The suburban idyll at Chez McMaster was disturbed over the weekend – and the upset was caused by a Voice of Customer survey.
Unusually, it wasn’t me getting wound up by the industry, but Mrs Mc - a genuine customer attempting to be helpful and provide some useful information to one of her favourite brands.
Ocado delivered our weekly sustenance on time and with a cheerful smile (as always), and followed up within 24 hours with an email survey – fairly quick, with a mail-merged name, and a nice, personable request for some information.
So far so good.
The survey itself was...interesting. Following the link landed us on a screen with the slightly ominous title of “Fish Survey”. But Mrs Mc is made of stern stuff – these were not words to strike fear into the heart of a highly motivated and enthusiastic brand advocate – so she pressed on!
A few really pointless questions about age and gender later, (the email was correctly addressed to Mrs Mc – so WHY ask for gender?) and then by question 7, we were into the fish questions.
Lots of fish questions.
A few silly mistakes (picking “I don’t buy it” for a question, but still being forced to provide follow up data in the next 2 questions) but other than that not too bad – if very fish focussed.
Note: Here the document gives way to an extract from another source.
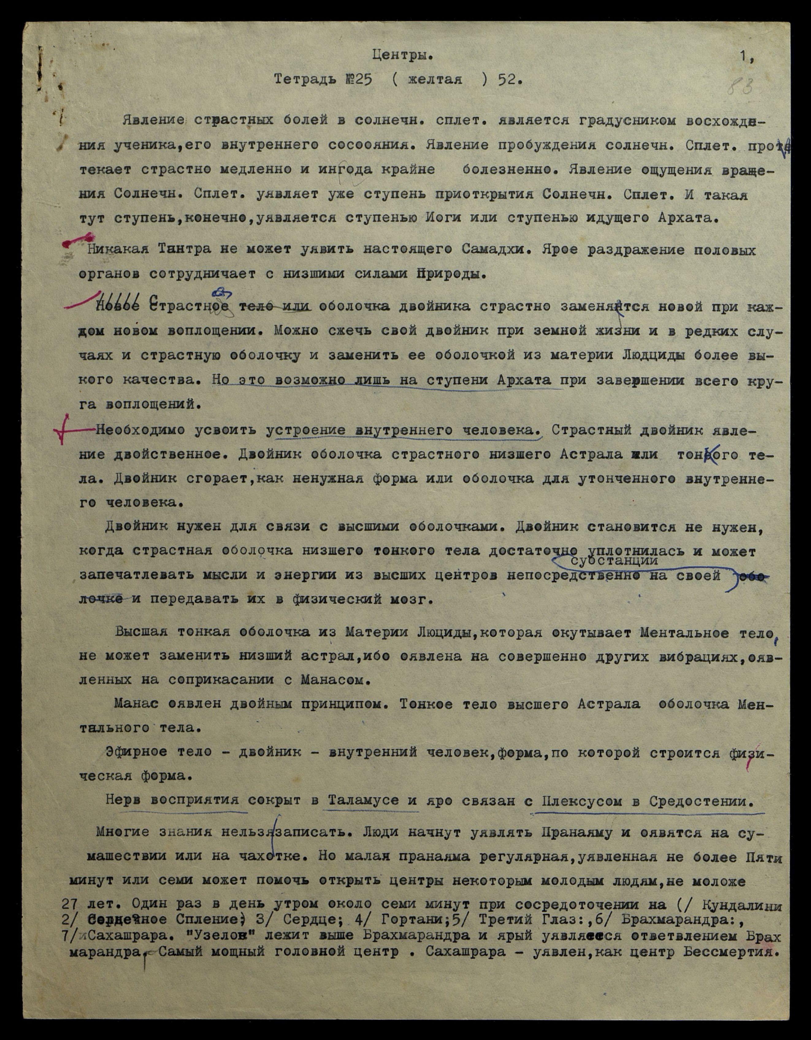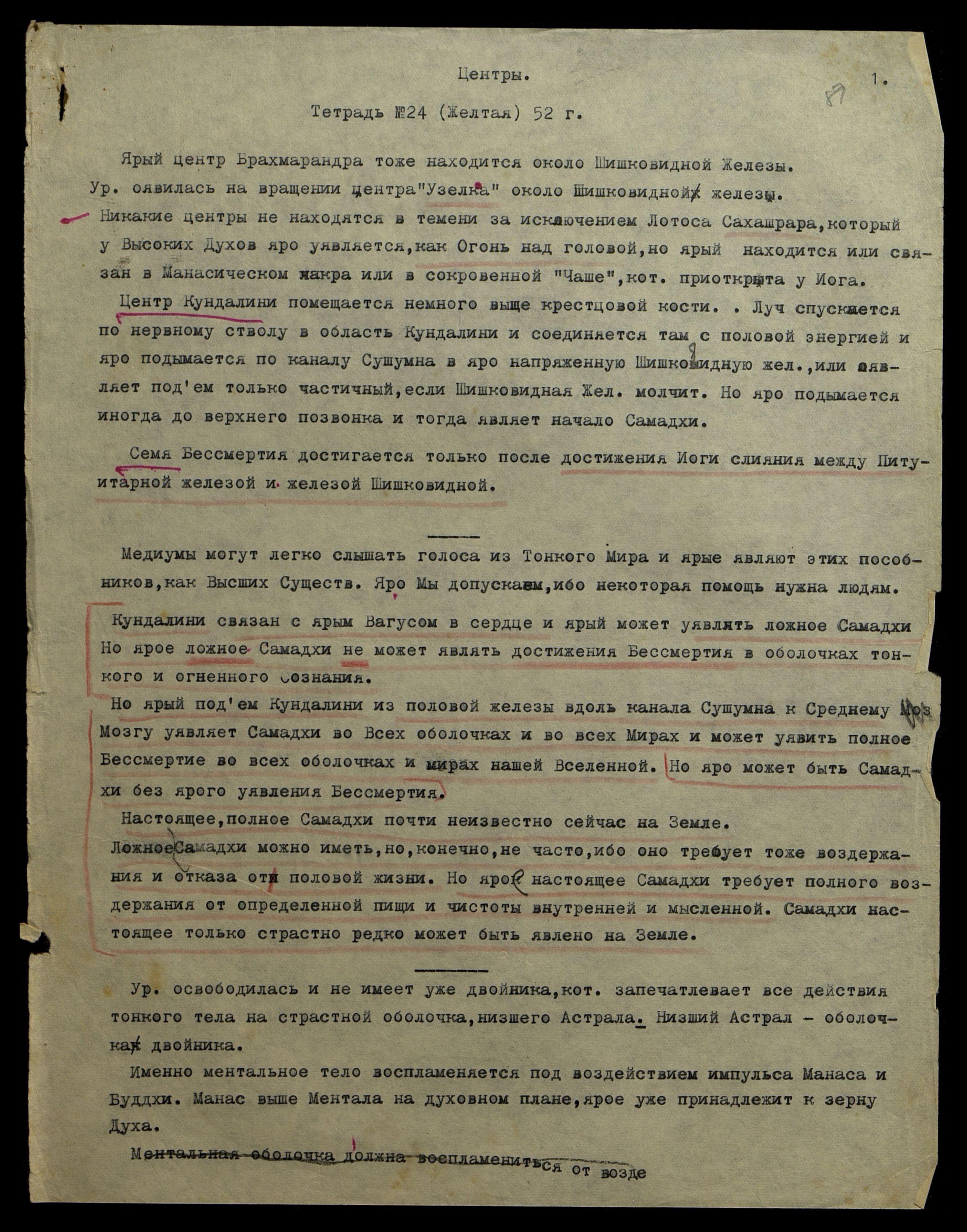 Центр Кундалини помещается немного выше крестцовой кости. Луч спускается по нервному стволу в область Кундалини и соединяется там с половой энергией и яро подымается по каналу Сушумна в яро напряженную Шишковидную жел[езу], или оявляет подъём только частичный, если Шишковидная жел[еза] молчит. Но яро подымается иногда до верхнего позвонка и тогда являет начало Самадхи.

And then we get to question 21.
“Have you looked at the Young’s shop within the Ocado website?”
The first hint of what was really going on. Because two questions later, the survey ended rather abruptly, and dropped us straight into the Young’s Seafood section of the Ocado website.
No “thank you”. No “Would you like more information?”. Not even a pretence that all the information we had just provided matters in any way to Ocado, or that they were doing anything at all other than banging on about fish quite a lot, and then trying the least subtle market-research-to-online-sale ambush I’ve seen in ages.
Or, as the Ocado customer herself said, when she emailed them directly to complain:
“This is not a survey ... It is an advert for Youngs fish with a clumsy "exit through the gift store" ending. I wanted to be helpful but now feel you have wasted my time.”
Wow – what a fantastic result for a Voice of the Customer survey! Turning an enthusiastic brand advocate into a fairly scathing critic in under 5 minutes.
I suspect that Ocado spend a fortune on getting deliveries to our door on time, in full, and with a customer service smile and a chat.
I am very sure that they managed to undo most of that good work in seconds by treating their customer like an idiot.
If you ask your customer to tell you what they think, then take them seriously – VoC is not just another direct marketing channel and leaving customers feeling that you have wasted their time or misled them will do far more damage that the sale of a few packs of fish fingers will easily recover.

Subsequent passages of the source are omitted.